Day 1: Tried learning_rate=0.01 -> diverged at epoch 15
Day 2: Tried learning_rate=0.001 -> better but plateaued at epoch 50
Day 3: Tried adding dropout=0.5 -> worse, forgot to save checkpoint
Day 4: Tried batch_size=64 -> OOM error at epoch 3
Day 5: Reverted to Day 2 model, lost track of what changed
...

I was making progress, but it was slow and error-prone. Each experiment required manual oversight, and when things went wrong, I had to spend hours debugging and reverting. I needed a way to run experiments autonomously with automatic failure recovery.

What I discovered

I found Andrej Karpathy’s autoresearch approach, which he used to systematically improve ML models. The core insight is simple but powerful:

“Constraint + mechanical metric + autonomous iteration = compounding gains”

This isn’t just about running more experiments. It’s about creating a feedback loop where:

  1. Every experiment is narrow and well-defined (constraint)
  2. Success can be measured automatically (mechanical metric)
  3. Failures revert automatically (autonomous iteration with rollback)

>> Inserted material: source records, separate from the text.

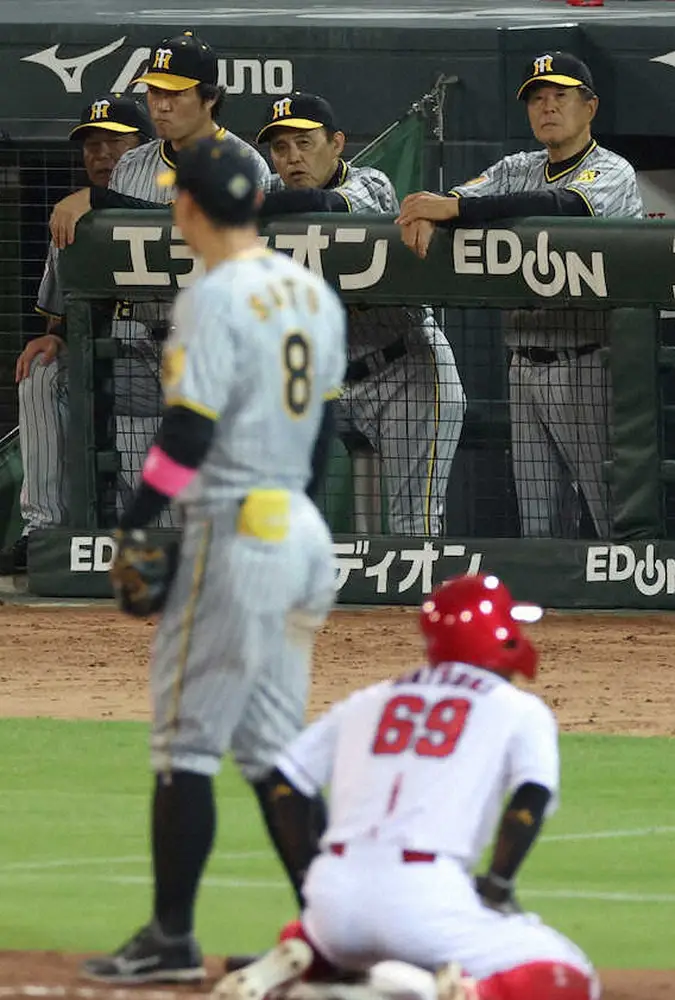 そこから2死満塁までピンチを拡大し、堂林への初球の暴投で決勝点を献上。ここから歯止めが利かず、2安打でさらに3点を追加された。岡田監督は、梅野を含めたバッテリーの不用意さに、怒りを隠さなかった。
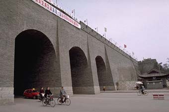 | 碁盤の目に区画された西安の街を,どの方向に歩いても巨大 な城壁に突き当たる。この巨大な城壁の前に立つと、 いかに大きな建造物かがわかる。 |
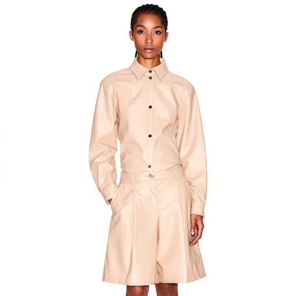 메탈 버튼 잠금과 전면 사선 포켓.
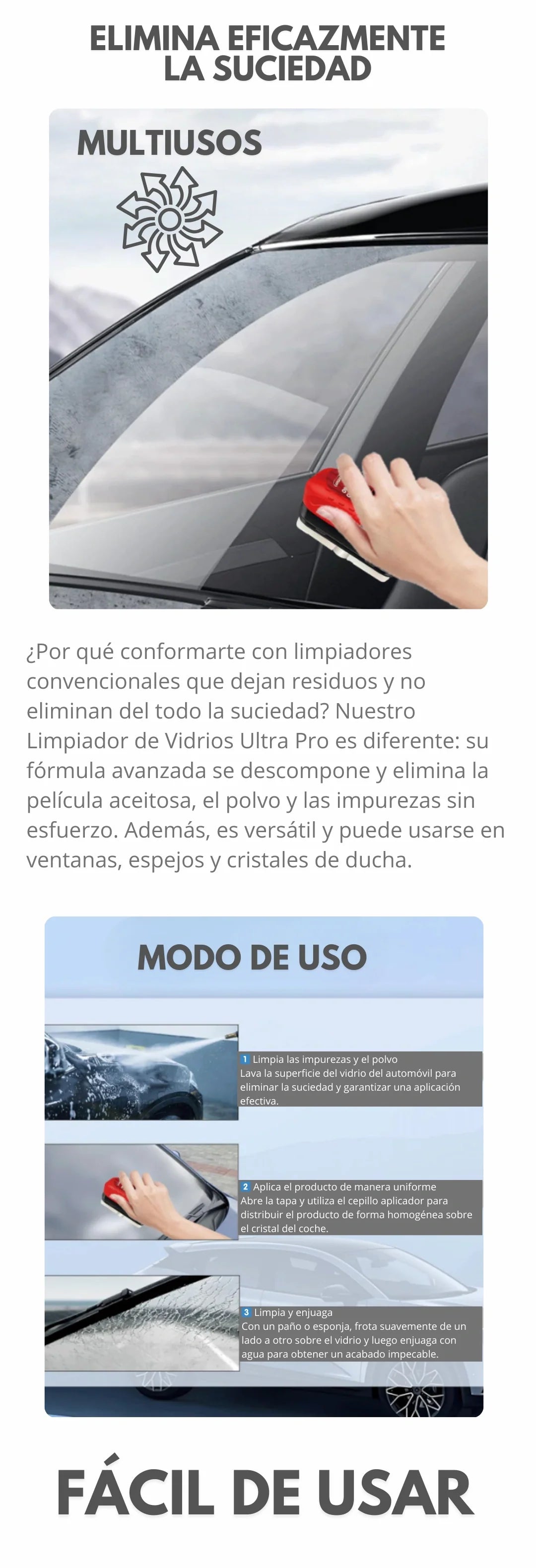 Sí, el Limpiador de Vidrios Ultra Pro es apto para parabrisas, ventanas, espejos y otras superficies de vidrio sin dañarlas.
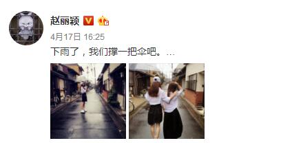 4月17日下午,赵丽颖发文:“下雨了,我们撑一把伞吧。”并配了两张照片,照片中赵丽颖与伙伴同行,撑伞只撑了自己这半边。逗逼呆萌,十分可爱。
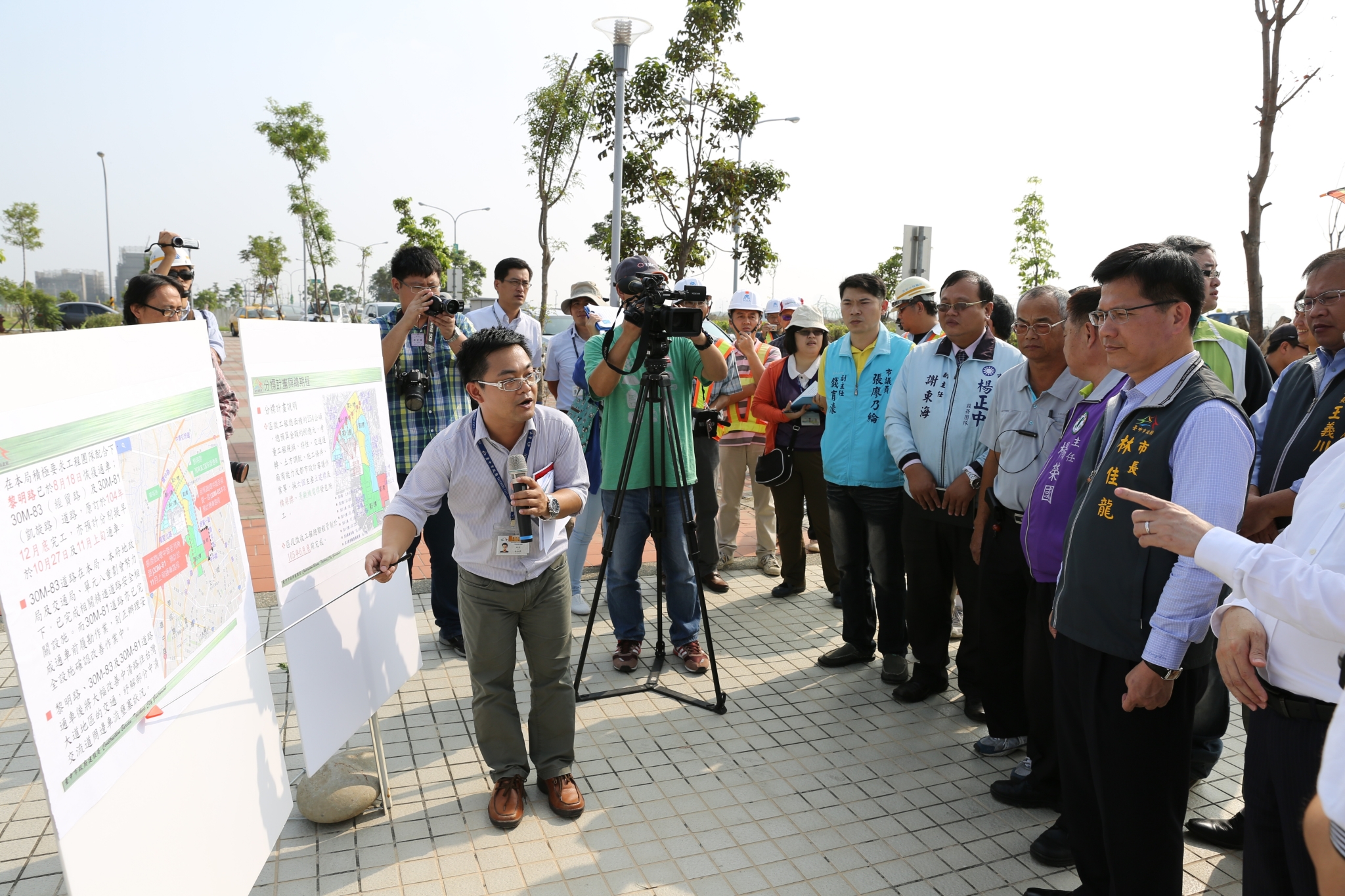 「我來驗收4個月前對地方的承諾!」林市長表示,4個月前視察水湳轉運站時,地方民眾反應盼儘快打通經貿路,紓解中清路與環中路口壅塞問題,他請建設局、交通局加速辦理,原來預定12月通車30米寬經貿路提早通車,感謝市府同仁效率,凱旋路也會提早至11月初完工。
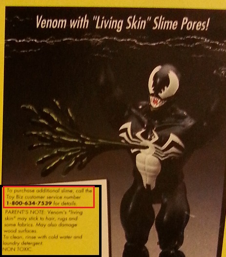 The action feature here was "Living Skin Slime Pores", which basically meant a hole in his chest that you could squeeze black slime through with the use of a plunger on the figure's back.The "Venom Slime" was kind of watery and did not burst out in tendrils as shown in the example on the back of the box, where the slime is comically drawn on. Really, it just slowly "splooshed" out like grape Jell-O (yum!). One amusing bit from the back of the box is the fact that you could call the toy company directly to order more slime. It cracks me up to imagine the Mom that had to make that call, "Uh, yes, do you have the...what's it called again, Derek?" "Venom slime, GOSH!" "The, uh, Venom slime?"
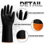 Features: Easy to clean: These reusable cleaning gloves are smooth on surface, which are easy for you to clean, just rinse with water, then air dry for next use, simple and convenient. Wide uses: The thick rubber gloves are suitable for washing dishes, pool cleaning, furniture renovation, yard working, car washing, home cleaning, and so on. They are also nice and practical gifts for family members, colleagues, friends and neighbors. Specifications: Material: latex Color: black Size: 14 x 4.5 inches Package includes: 6 Pairs of heavy duty latex gloves Notes: Manual measurement, please allow slight errors on size. The color may exist slight difference due to different screen displays. Ample Quantity: the package includes 6 pairs of resistant gloves, which are resistant to acid, oil and alkali, keeping your hands from injuries and keeping hands dry and clean; Sufficient quantity is enough to satisfy your daily use and needs Proper Size: these reusable rubber gloves are measured about 14 x 4.5 inches, a suitable size to fit most hands, adopting with rolled edge design, so that the gloves can be fixed in place and not easy to slide, providing much convenience for you when working Reliable Quality: these heavy duty cleaning gloves are made of quality latex material, which is resistance and tear resistance, waterproof and reusable, elastic and tough, skin friendly and easy to put on and take off, and there will be no discomfort after wearing gloves for a long time Practical Functions: these heavy duty dishwashing gloves feature with nice acid base barrier properties to protect your hands and forearms from dangerous liquids or other items, ideal thickness for good safety protection, and smooth surface offering you comfortable tactile and flexible grip Wide Applications: these rubber gloves heavy duty can be applied for car washing, home cleaning, machinery maintenance, yard work, gardening, agriculture, industry, construction, etc., bringing you a wonderful wearing and using experience
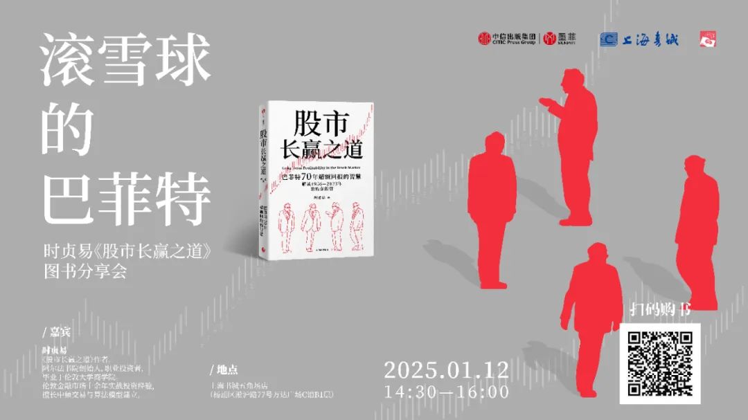 2025年1月12日(周日)14:30—16:00,宽容前来与《股市长赢之谈》作家时贞易一齐,揭开巴菲特滚雪球的真相!
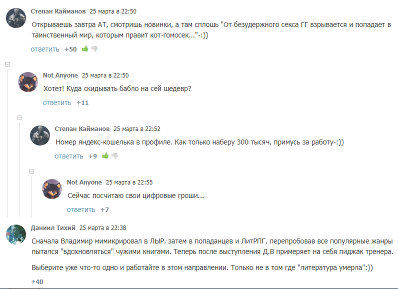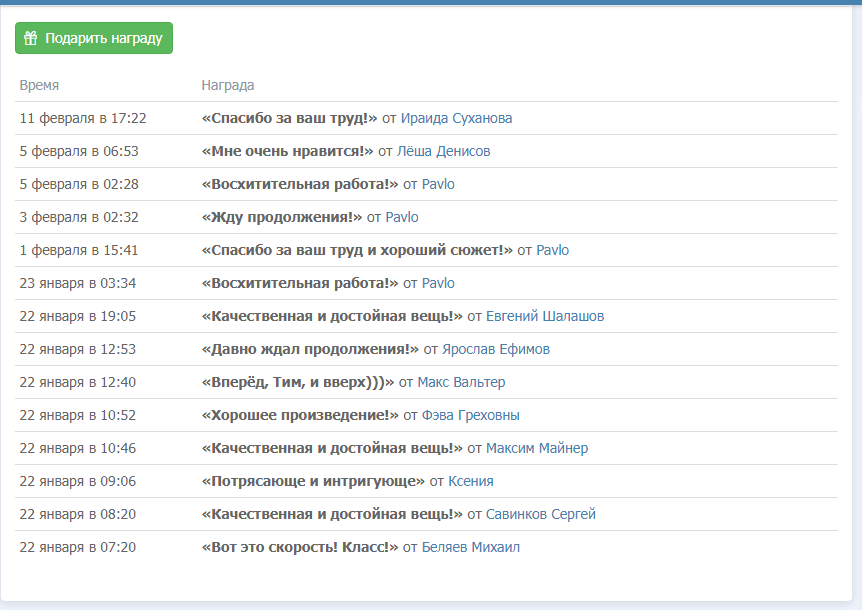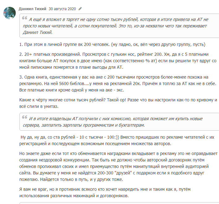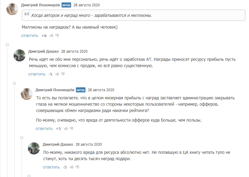 Делалось это следующим образом — организовывалась группа людей, которая дарила друг другу награды, выводя книгу в виджеты на главной странице; позже деньги возвращали дарителю (минус процент сайта, само собой; скриншоты с попрошайничеством наград будут представлены ниже). Ныне эта особенность АТ ликвидирована, но некоторые успели ей воспользоваться и вылезти из праха и ничтожества на вершины коммерческого успеха.
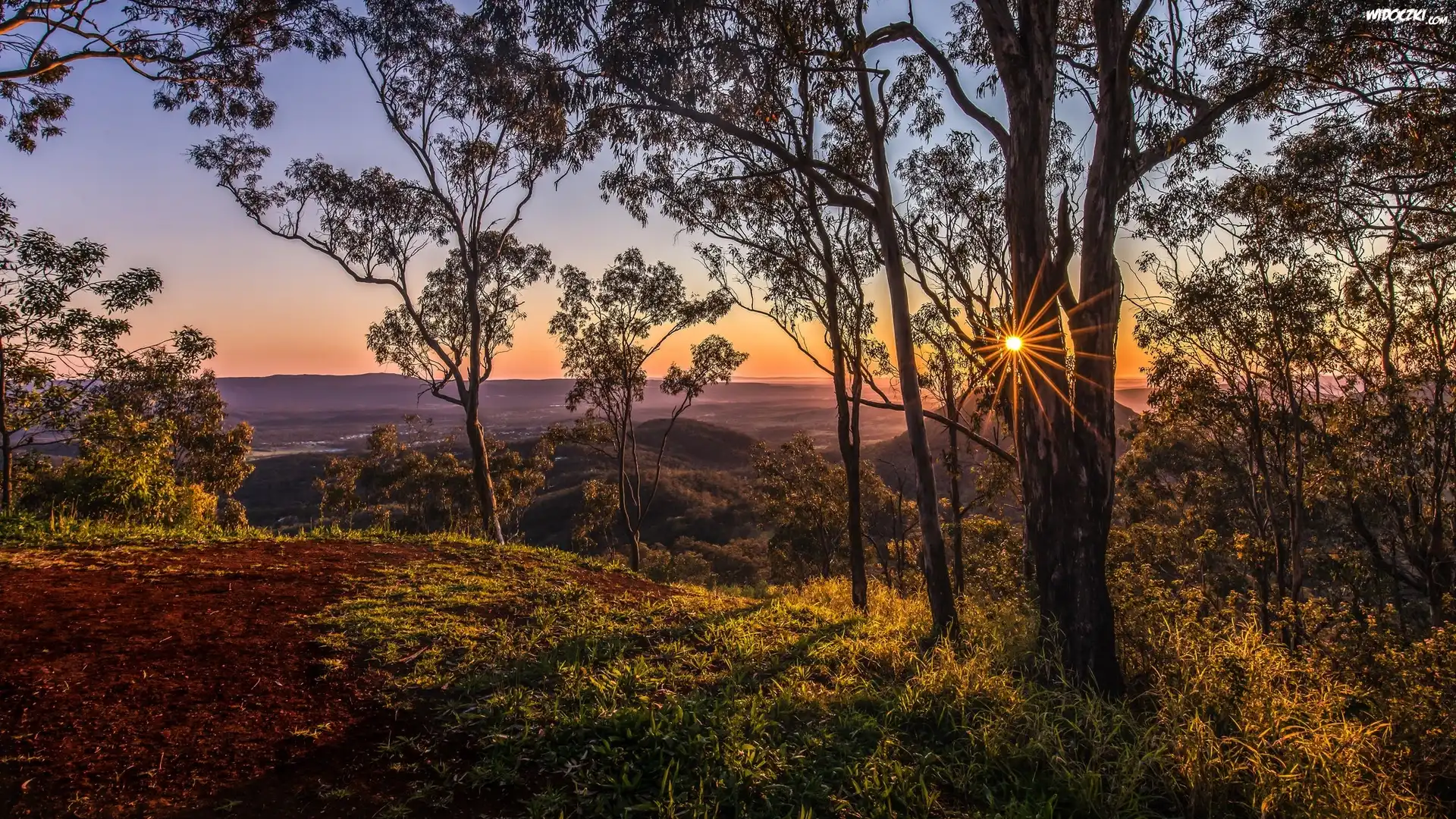 Zdjęcia, Wzgórza, Drzewa, Promienie słońca, Krajobraz

The result: 630 lines of Python running 100 experiments per night with guaranteed state consistency.

The three pillars

Karpathy’s approach rests on three pillars that work together:

┌─────────────────────────────────────────────────────────────────────┐
│ Karpathy's Autoresearch Approach │
├─────────────────────────────────────────────────────────────────────┤
│ │
│ ┌─────────────┐ ┌─────────────┐ ┌─────────────────────┐ │
│ │ Constraint │ │ Mechanical │ │ Autonomous │ │
│ │ │────▶│ Metric │────▶│ Iteration │ │
│ │ Narrow │ │ │ │ │ │
│ │ Problem │ │ Objective │ │ Auto-rollback │ │
│ │ Definition │ │ Evaluation │ │ on Failure │ │
│ └─────────────┘ └─────────────┘ └─────────────────────┘ │
│ │ │ │ │
│ ▼ ▼ ▼ │
│ ┌─────────────┐ ┌─────────────┐ ┌─────────────────────┐ │
│ │ What you │ │ How you │ │ How you keep │ │
│ │ measure │ │ measure it │ │ improving safely │ │
│ └─────────────┘ └─────────────┘ └─────────────────────┘ │
│ │
│ Result: Compounding gains from many small, safe experiments │
│ │
└─────────────────────────────────────────────────────────────────────┘

Pillar 1: Constraint

The first pillar is narrowing the problem definition to something that can be iterated on automatically.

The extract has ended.